Well, one PR agent sent me a pitch for a show promoting an author that wants to talk about how to win arguments when communicating with your spouse. I didn’t see the point in doing that interview. After all, I don’t think the answer is to become a more effective “arguer.”
I think that it comes down to rethinking the situation and changing the way you look at communication. Before I go on, I do have a disclaimer to what I believe to be true principles of communication. First, if there have been issues for many years, this isn’t going to change over night. It will take work. Second, you have to make a commitment to change. That is the only way it works.
Leave your ego at the door or said another way, lose the need to be right
The vast majority of money arguments are about one person being right and the other being wrong. That is pure and simple ego. Who cares who is right? Leave that ego at the door. If you are going to be right, you have to make the other person wrong.
Seek first to understand and then be understood or said another way, show respect
This is an old Stephen Covey principle that is so powerful. Step into your spouse’s situation and work to see it from their side. Once you understand them, help them understand your point of view through the lens of your new understanding. They will be more willing to accept how you feel given that you have extended that luxury first.
Show some grace or said another way, just do what God extends to us everyday
I have an old saying. Unless you are perfect, show Grace. Dealing with money is not easy. We all make dumb decisions or have made mistakes at one time or another. Just show your spouse some grace and understanding when mistakes are made. By doing so, you are building a valuable element into your relationship – trust.
Pray before you discuss or said another way invite God to the discussion
It is real difficult to argue with God sitting at the table.

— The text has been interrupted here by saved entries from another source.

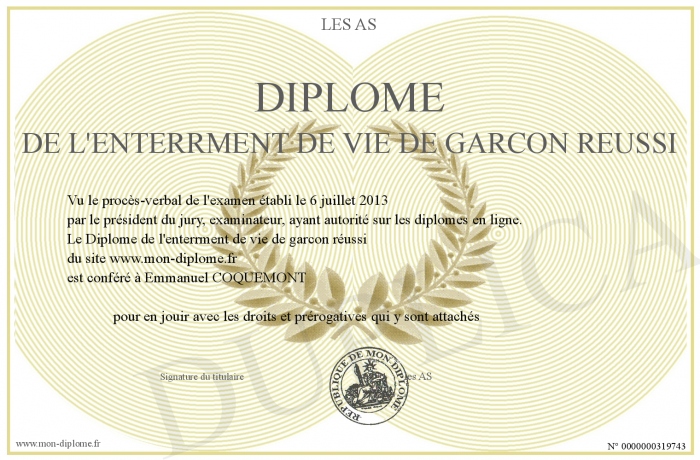 Envoyez par email votre Diplôme de l'enterrment de vie de garcon réussi personalisé
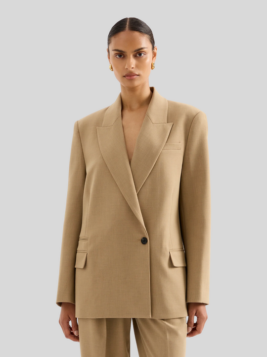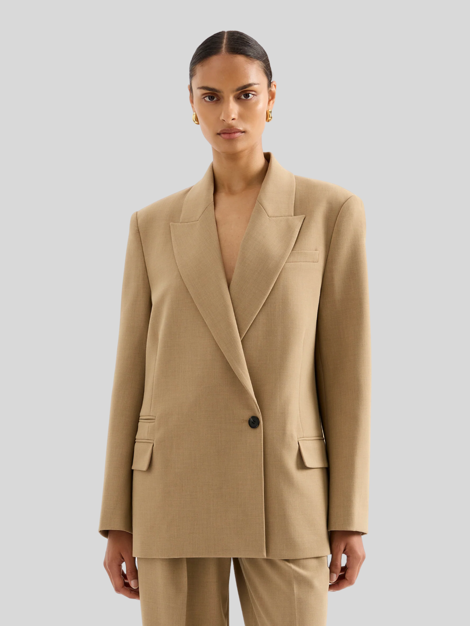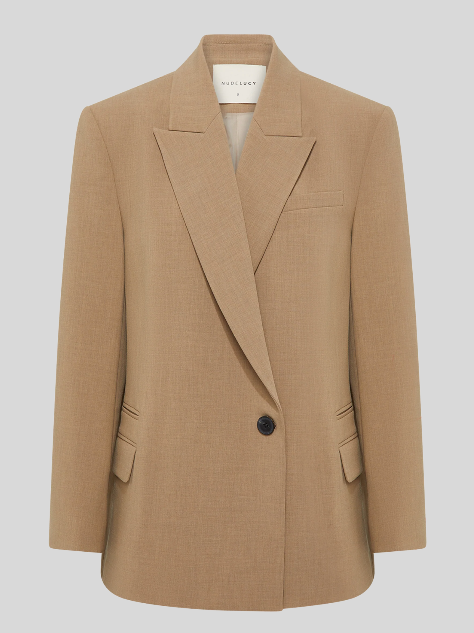 Nude Lucy is a refined, double-breasted blazer that is crafted from a premium stretch tailoring fabrication. This versatile blazer is ideal for both professional settings and casual outings.
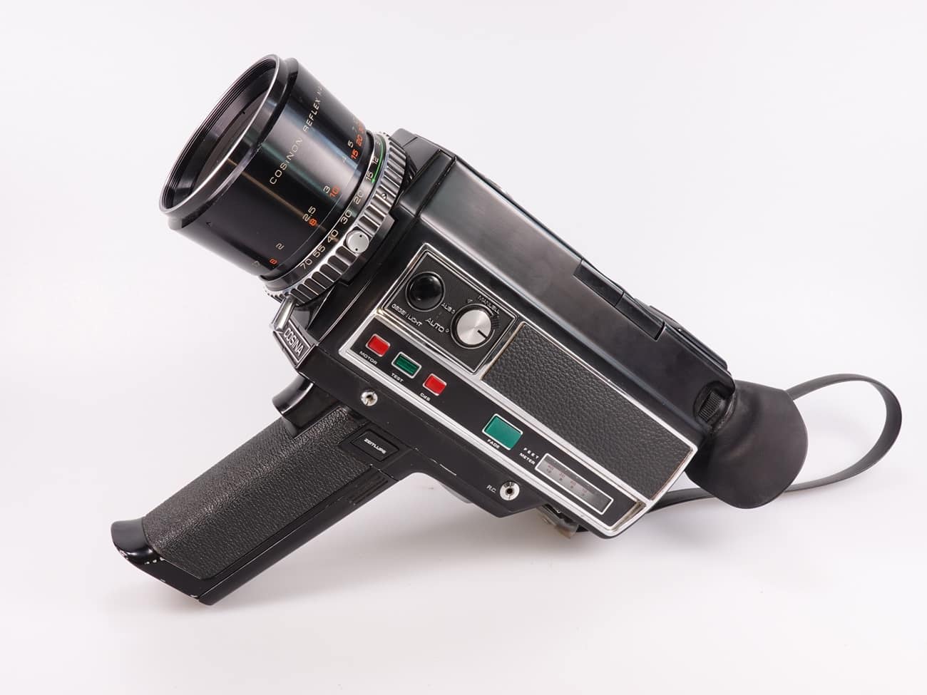 Schmalfilmkamera für Super-8-Kassetten, hergestellt in Japan von 1970 bis 1972. Objektiv: Cosinon Reflex Macro Lens 1:1,7/7-70 mm, Seriennummer 761969; manuelle Fokussierung, Brennweitenverstellung motorisch und manuell. Reflexsucher. Elektrischer Filmtransport (Einzelbild; 18, 24 und 40 Bilder pro Sekunde); TTL-Belichtungsmessung (CdS), automatische oder manuelle Belichtungssteuerung. Tageslichtfilter zuschaltbar. Gegenlichtkorrekturtaste; Fade; Batteriekontrollleuchten für Motor und Belichtungsmesser. Handschlaufe.
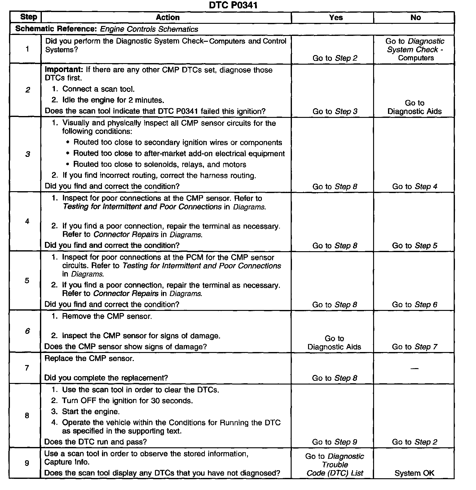 6. Damage to the face of the sensor could indicate foreign material passing between the CMP sensor and the reluctor wheel. This condition would cause this DTC to set. Damage to the reluctor wheel would affect the CMP sensor output.

I know what you are thinking. My spouse would never buy into any of this. There is a lot of baggage. That may be true. This is why to create a deeper relationship sometimes you have to take the lead and model the change for the other person. Be those principles and don’t accept anything less. Remember that it takes two to argue. Most importantly, realize that only God can change a person’s heart. Pray for that change. The alternative isn’t worth it in the end.